Gayung pun bersambut. Pada tahun lalu saja, Jiangmen menerima donasi dari warganya yang merantau di berbagai negara senilai 7,41 miliar dolar HK selain dalam bentuk investasi yang nilainya mencapai 23,61 miliar dolar AS.

Produk domestik bruto (GDP) pun pada 2016 naik 7,4 persen menjadi 241,8 miliar RMB. Dan pada semester pertama 2017, GDP telah mencapai angka 126 miliar RMB. 

Sektor industri menyumbangkan 104,1 miliar RMB (naik 7 persen).
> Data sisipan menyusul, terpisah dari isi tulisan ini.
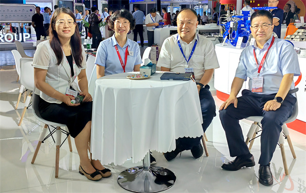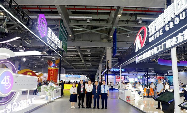 濟(jì)南圣泉集團(tuán)股份有限公司總裁唐地源、煙臺(tái)勝地汽車(chē)零部件制造有限公司總裁張寶芝蒞臨玫德展位參觀考察,玫德集團(tuán)董事局主席孔令磊與其共同探討玫德集團(tuán)智能制造以及數(shù)字化工廠解決方案。

Investasi dalam bentuk aset tetap dan perdagangan kebutuhan pokok mencapai 151,7 miliar RMB dan 115,9 miliar RMB. Bahkan lebih dari 18 unit industri berskala nasional berbasis di kota berpenduduk 4,54 juta jiwa tersebut.

Untuk mengingatkan budaya kampung halaman, Pemkot Jiangmen menggelar karnaval setiap dua tahun sekali.

Dalam upaya menjembatani kepentingan warganya, Pemkot Jiangmen telah menjalin kerja sama dengan kota-kota yang berada di tepian sungai di AS dan Australia.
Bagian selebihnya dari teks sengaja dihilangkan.